Write out the listing below in its entirety, minus the pictures, without changing a word.

** Opening EXTRACTED MATERIAL block **

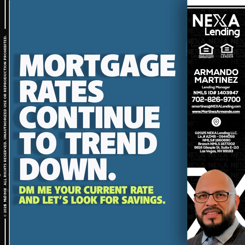 MORTGAGE RATES - Armando Martinez -Mortgage Loan OriginatorHi, my name is Armando Martinez. I’m a Loan Officer with NEXA Lending LLC., offering personalized mortgage solutions, fast customized quotes, great rates and service with integrity.
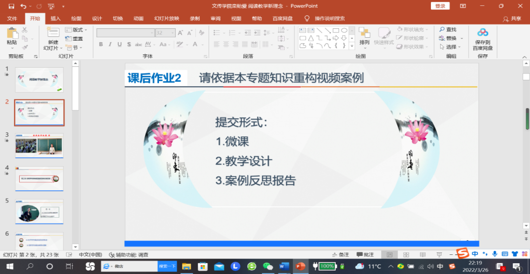 这个阶段是在课堂学习基础上,要求研究生独立优化课始的问题案例,完善问题案例。优化后的案例设计,作为生成性成果,可以有多种呈现方式,比如课件、微课、小论文等。同时鼓励学生继续拓展阅读课上推荐的相关文献,提升理论思维水平。
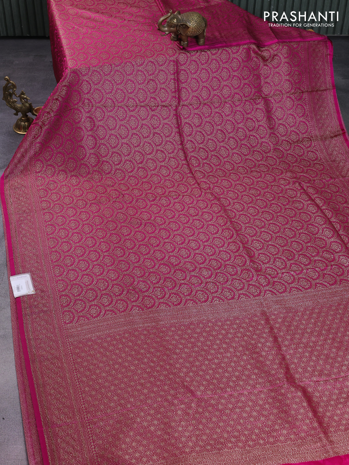Banarasi semi silk saree magenta pink with allover thread & zari weaves and woven border
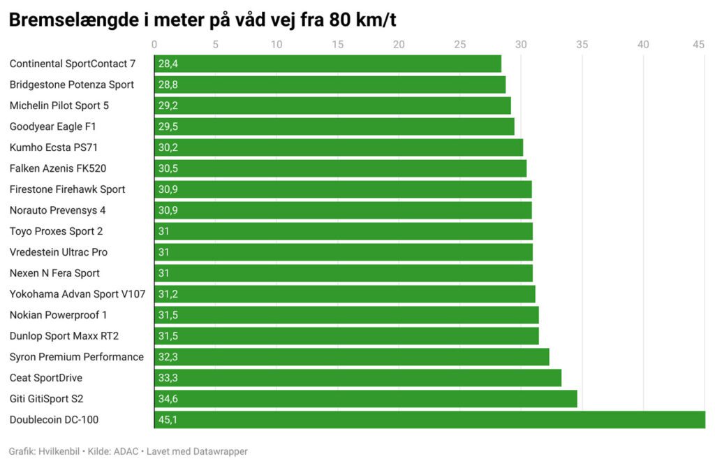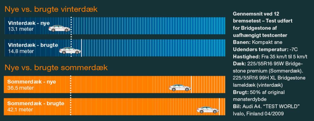 - Grebsniveau og bremselængde: En test viser, at vinterdæk giver markant kortere bremselængde end sommerdæk i kolde, frosne eller våde forhold.
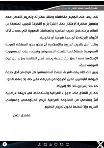 ودعا الصدر في تغريدة له على حسابه الشخصي بمنصّة “إكس”، الجميع إلى مقاطعة الكيان الصهيوني وغلق سفاراته وتجريم التعامل معه وتفعيل مذكرة الاعتقال بحق (النتن) بل و (الخرف) لتجنيب المنطقة بل العالم برمته خطر الحرب العالمية والصدامات الدموية التي حصدت آلاف الأرواح البريئة بلا أي حجة شرعية أو قانونية.
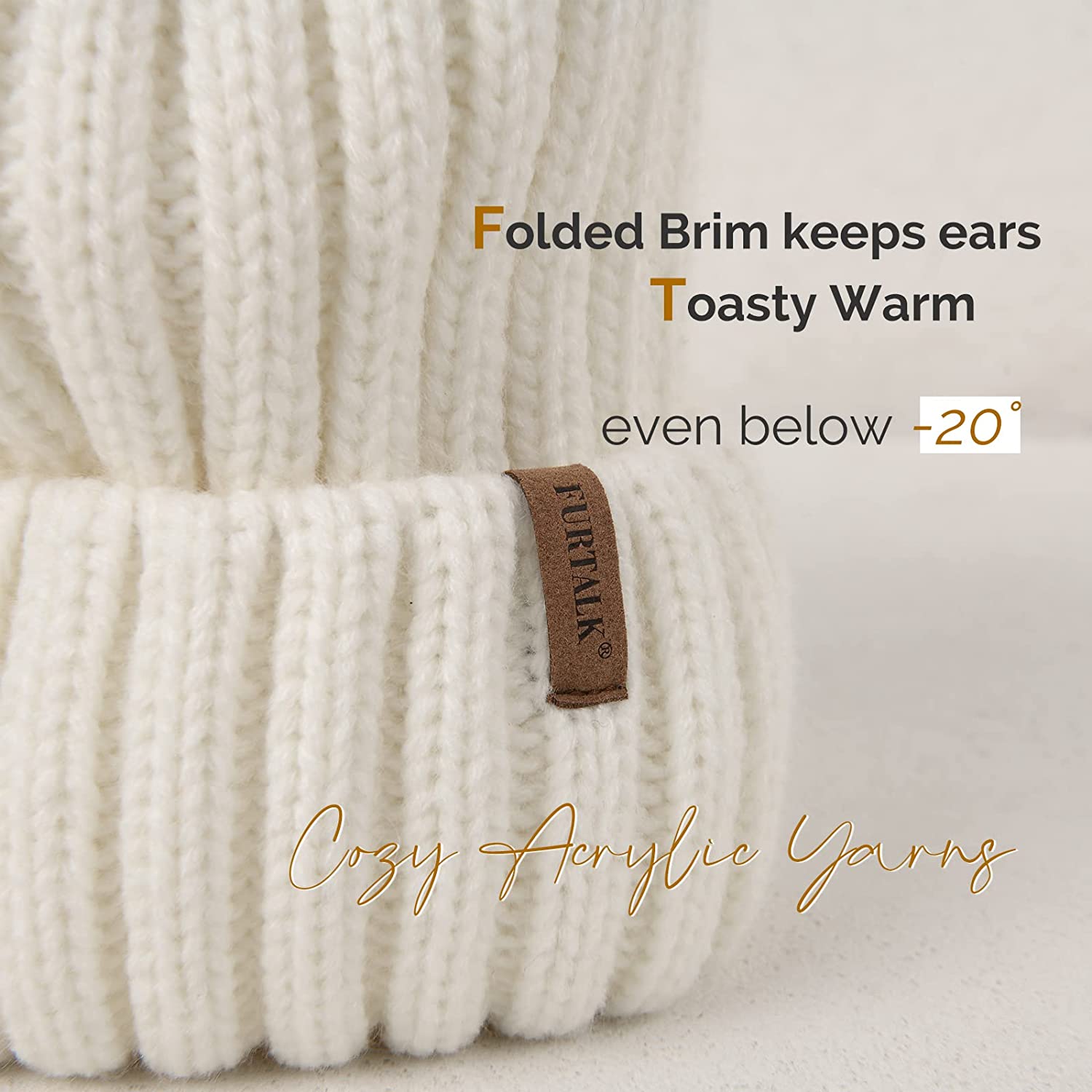 FURTALK Womens Winter Knitted Beanie Hat with Faux Fur Pom Warm Knit Skull Cap Beanie for Women…
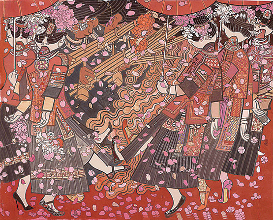 刘金贵参展作品《跳花场上》(中国画)
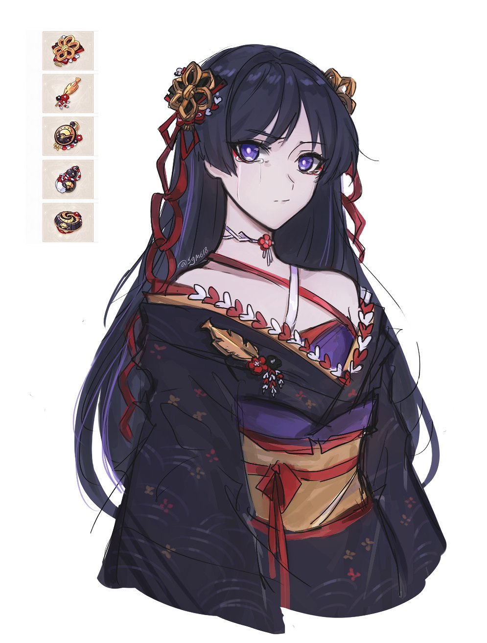 1boy alternate_costume alternate_hair_length alternate_hairstyle androgynous arms_at_sides black_hair black_kimono black_sleeves blunt_ends choker choppy_bangs closed_mouth criss-cross_halter cropped_legs crossdressing crossdressing_(mtf) eyeliner eyeshadow floral_print floral_print_kimono flower genshin_impact hair_ornament halterneck highres japanese_clothes juban kimono long_hair looking_at_viewer makeup male_focus multicolored_hair obi obiage obijime off_shoulder official_art_inset print_kimono purple_eyes purple_pupils red_eyeliner red_eyeshadow red_flower sash scaramouche_(genshin_impact) sgm618 solo split_mouth streaked_hair tears twitter_username undershirt white_choker wide_sleeves yellow_kimono

** Closing EXTRACTED MATERIAL block **

**RESULT:**
 MORTGAGE RATES - Armando Martinez -Mortgage Loan OriginatorHi, my name is Armando Martinez. I’m a Loan Officer with NEXA Lending LLC., offering personalized mortgage solutions, fast customized quotes, great rates and service with integrity.
 这个阶段是在课堂学习基础上,要求研究生独立优化课始的问题案例,完善问题案例。优化后的案例设计,作为生成性成果,可以有多种呈现方式,比如课件、微课、小论文等。同时鼓励学生继续拓展阅读课上推荐的相关文献,提升理论思维水平。
Banarasi semi silk saree magenta pink with allover thread & zari weaves and woven border
 - Grebsniveau og bremselængde: En test viser, at vinterdæk giver markant kortere bremselængde end sommerdæk i kolde, frosne eller våde forhold.
 ودعا الصدر في تغريدة له على حسابه الشخصي بمنصّة “إكس”، الجميع إلى مقاطعة الكيان الصهيوني وغلق سفاراته وتجريم التعامل معه وتفعيل مذكرة الاعتقال بحق (النتن) بل و (الخرف) لتجنيب المنطقة بل العالم برمته خطر الحرب العالمية والصدامات الدموية التي حصدت آلاف الأرواح البريئة بلا أي حجة شرعية أو قانونية.
 FURTALK Womens Winter Knitted Beanie Hat with Faux Fur Pom Warm Knit Skull Cap Beanie for Women…
 刘金贵参展作品《跳花场上》(中国画)
 1boy alternate_costume alternate_hair_length alternate_hairstyle androgynous arms_at_sides black_hair black_kimono black_sleeves blunt_ends choker choppy_bangs closed_mouth criss-cross_halter cropped_legs crossdressing crossdressing_(mtf) eyeliner eyeshadow floral_print floral_print_kimono flower genshin_impact hair_ornament halterneck highres japanese_clothes juban kimono long_hair looking_at_viewer makeup male_focus multicolored_hair obi obiage obijime off_shoulder official_art_inset print_kimono purple_eyes purple_pupils red_eyeliner red_eyeshadow red_flower sash scaramouche_(genshin_impact) sgm618 solo split_mouth streaked_hair tears twitter_username undershirt white_choker wide_sleeves yellow_kimono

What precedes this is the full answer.